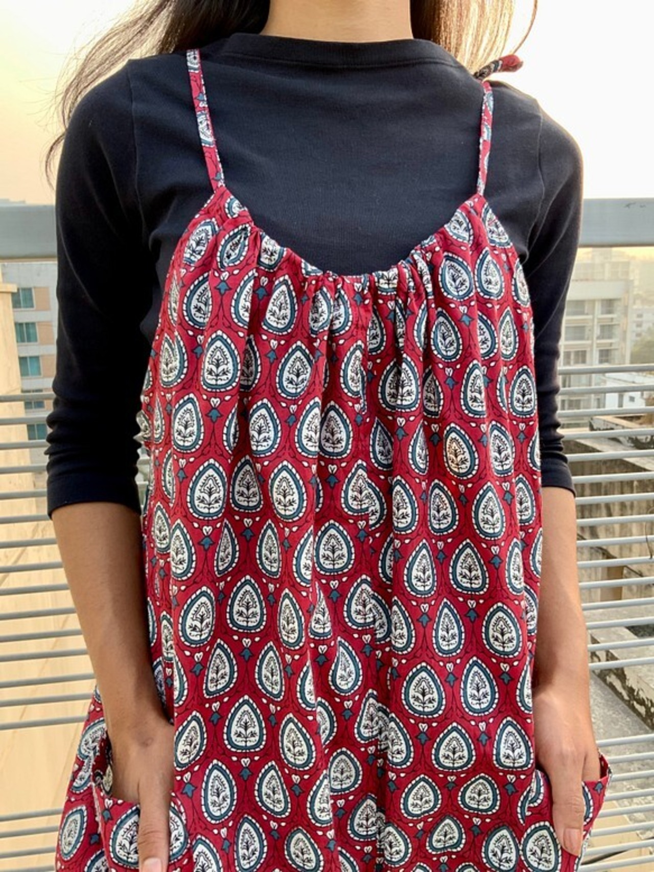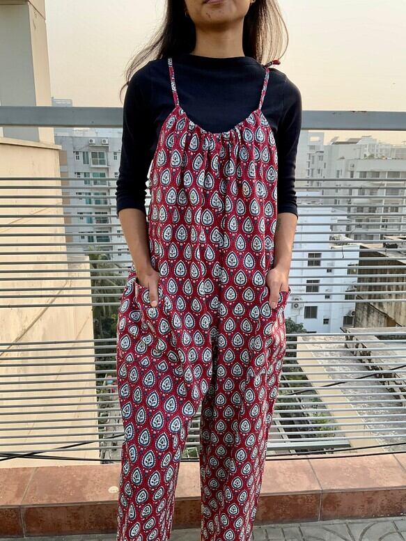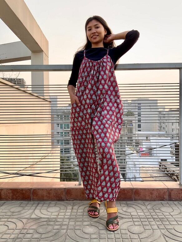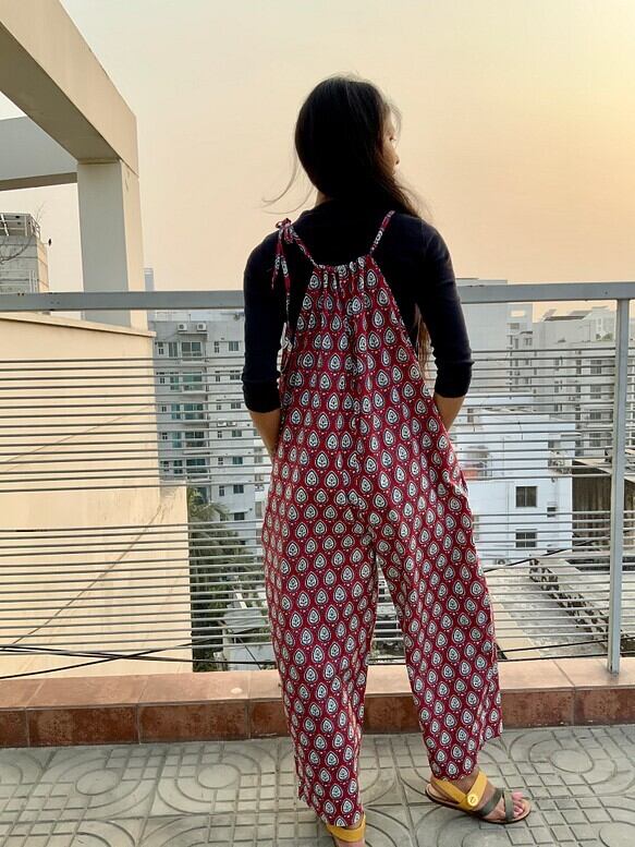 北インドのジョイプールコットン(インド綿)生地で楽チンに涼しく穿いていただけるサロペットをつくりました!
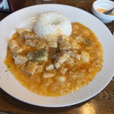 湯河原のペルー料理の人気店『荒井商店』。開店の12時ピッタリに着いたの座れましたが、10分程で満席になってました。 ランチは「鶏胸肉をほぐした黄色いシチュー」と「コロコロじゃが芋と豚肉煮込み」の2種類。 じゃが芋と豚肉煮込みは見た目と違って、案外優しい味付け、お好みで別皿の唐辛子を投入して頂きました。 コロコロじゃが芋の豚肉煮込み 1,400円
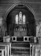 Internally, the church retains its timber boarded floor and ceiling. The ceiling is raked, flattening out halfway, and has round carved timber ventilation panels. The scissor tie-rods to the roof structure are exposed.[1]
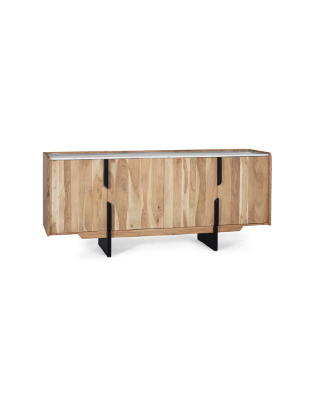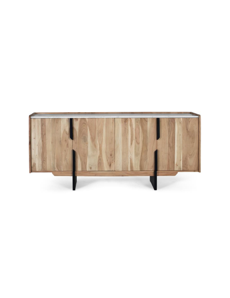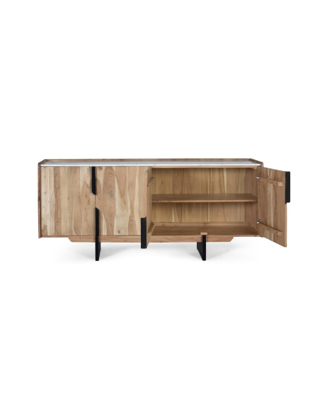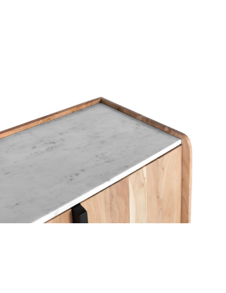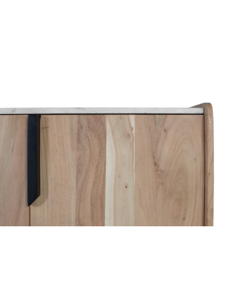 Aparador Pizzicato, diseño contemporáneo con alma natural. El frente y la estructura en madera de acacia exhiben vetas únicas que contrastan con la superficie de mármol claro, aportando luminosidad y un toque sofisticado al comedor o al living. Las líneas negras del zócalo y de los soportes enfatizan la silueta moderna y elevan el conjunto con un guiño industrial sutil. En el interior ofrece compartimentos espaciosos con estantes para guardar vajilla, mantelería o libros sin perder orden visual. Ideal para ambientes nórdicos, modernos o eclécticos que buscan materiales nobles y presencia escultórica sin recargar.

_PROBLEM TO WORK ON_
Nothing but the lines from the first line of the data through the line with "Internally, the church" belongs in the answer, copied exactly and without pictures.

_RESULT OF THIS EXERCISE_
 北インドのジョイプールコットン(インド綿)生地で楽チンに涼しく穿いていただけるサロペットをつくりました!
 湯河原のペルー料理の人気店『荒井商店』。開店の12時ピッタリに着いたの座れましたが、10分程で満席になってました。 ランチは「鶏胸肉をほぐした黄色いシチュー」と「コロコロじゃが芋と豚肉煮込み」の2種類。 じゃが芋と豚肉煮込みは見た目と違って、案外優しい味付け、お好みで別皿の唐辛子を投入して頂きました。 コロコロじゃが芋の豚肉煮込み 1,400円
 Internally, the church retains its timber boarded floor and ceiling. The ceiling is raked, flattening out halfway, and has round carved timber ventilation panels. The scissor tie-rods to the roof structure are exposed.[1]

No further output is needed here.